## Study material:
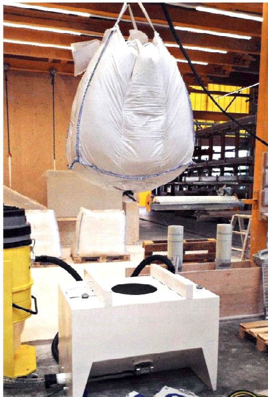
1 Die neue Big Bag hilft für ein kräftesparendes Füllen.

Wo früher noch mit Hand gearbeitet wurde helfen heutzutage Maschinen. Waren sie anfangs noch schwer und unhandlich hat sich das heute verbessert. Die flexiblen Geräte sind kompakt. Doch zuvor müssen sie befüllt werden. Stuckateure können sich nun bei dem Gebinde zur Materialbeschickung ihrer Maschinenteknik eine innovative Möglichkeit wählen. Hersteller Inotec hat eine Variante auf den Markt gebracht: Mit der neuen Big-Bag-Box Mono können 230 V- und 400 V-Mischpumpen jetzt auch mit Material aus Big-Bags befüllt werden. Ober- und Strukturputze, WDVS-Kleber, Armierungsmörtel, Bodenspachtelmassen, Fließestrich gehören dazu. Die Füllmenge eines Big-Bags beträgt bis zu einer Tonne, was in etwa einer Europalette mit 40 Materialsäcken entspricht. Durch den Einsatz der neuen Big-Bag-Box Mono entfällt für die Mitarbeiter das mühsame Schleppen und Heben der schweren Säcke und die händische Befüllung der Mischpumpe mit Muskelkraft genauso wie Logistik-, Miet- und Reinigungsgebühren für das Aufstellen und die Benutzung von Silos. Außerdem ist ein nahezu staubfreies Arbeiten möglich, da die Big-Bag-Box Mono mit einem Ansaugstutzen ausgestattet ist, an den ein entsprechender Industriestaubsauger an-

--

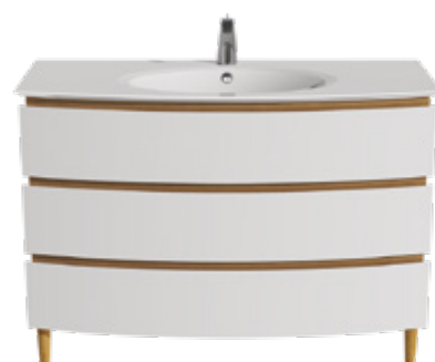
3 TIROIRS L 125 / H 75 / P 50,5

* * *

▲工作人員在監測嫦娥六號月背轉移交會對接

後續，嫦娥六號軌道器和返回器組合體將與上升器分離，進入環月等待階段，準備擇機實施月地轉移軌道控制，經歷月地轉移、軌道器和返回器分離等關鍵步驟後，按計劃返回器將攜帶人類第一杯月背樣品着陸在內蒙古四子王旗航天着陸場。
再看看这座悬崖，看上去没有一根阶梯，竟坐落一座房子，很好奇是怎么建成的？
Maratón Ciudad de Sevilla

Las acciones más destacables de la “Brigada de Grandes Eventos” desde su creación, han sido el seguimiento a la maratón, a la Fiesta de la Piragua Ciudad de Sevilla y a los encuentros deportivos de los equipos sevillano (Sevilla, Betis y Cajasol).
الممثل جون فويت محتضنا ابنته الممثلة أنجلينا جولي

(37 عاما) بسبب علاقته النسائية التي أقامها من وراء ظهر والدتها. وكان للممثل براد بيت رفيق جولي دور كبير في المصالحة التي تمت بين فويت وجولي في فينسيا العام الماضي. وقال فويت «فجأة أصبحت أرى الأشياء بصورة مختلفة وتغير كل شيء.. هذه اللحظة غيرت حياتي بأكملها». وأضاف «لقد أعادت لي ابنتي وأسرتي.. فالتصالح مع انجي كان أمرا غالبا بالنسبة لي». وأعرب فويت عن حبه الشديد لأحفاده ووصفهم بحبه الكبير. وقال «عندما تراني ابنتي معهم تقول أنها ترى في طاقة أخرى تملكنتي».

## Your goal:
The response should be the listing above, limited to the lines between the one holding "後續，嫦娥六號軌道器和返回器" and the one holding "الممثل جون فويت", inclusive, reproduced exactly.

## Response box:
後續，嫦娥六號軌道器和返回器組合體將與上升器分離，進入環月等待階段，準備擇機實施月地轉移軌道控制，經歷月地轉移、軌道器和返回器分離等關鍵步驟後，按計劃返回器將攜帶人類第一杯月背樣品着陸在內蒙古四子王旗航天着陸場。
再看看这座悬崖，看上去没有一根阶梯，竟坐落一座房子，很好奇是怎么建成的？
Maratón Ciudad de Sevilla

Las acciones más destacables de la “Brigada de Grandes Eventos” desde su creación, han sido el seguimiento a la maratón, a la Fiesta de la Piragua Ciudad de Sevilla y a los encuentros deportivos de los equipos sevillano (Sevilla, Betis y Cajasol).
الممثل جون فويت محتضنا ابنته الممثلة أنجلينا جولي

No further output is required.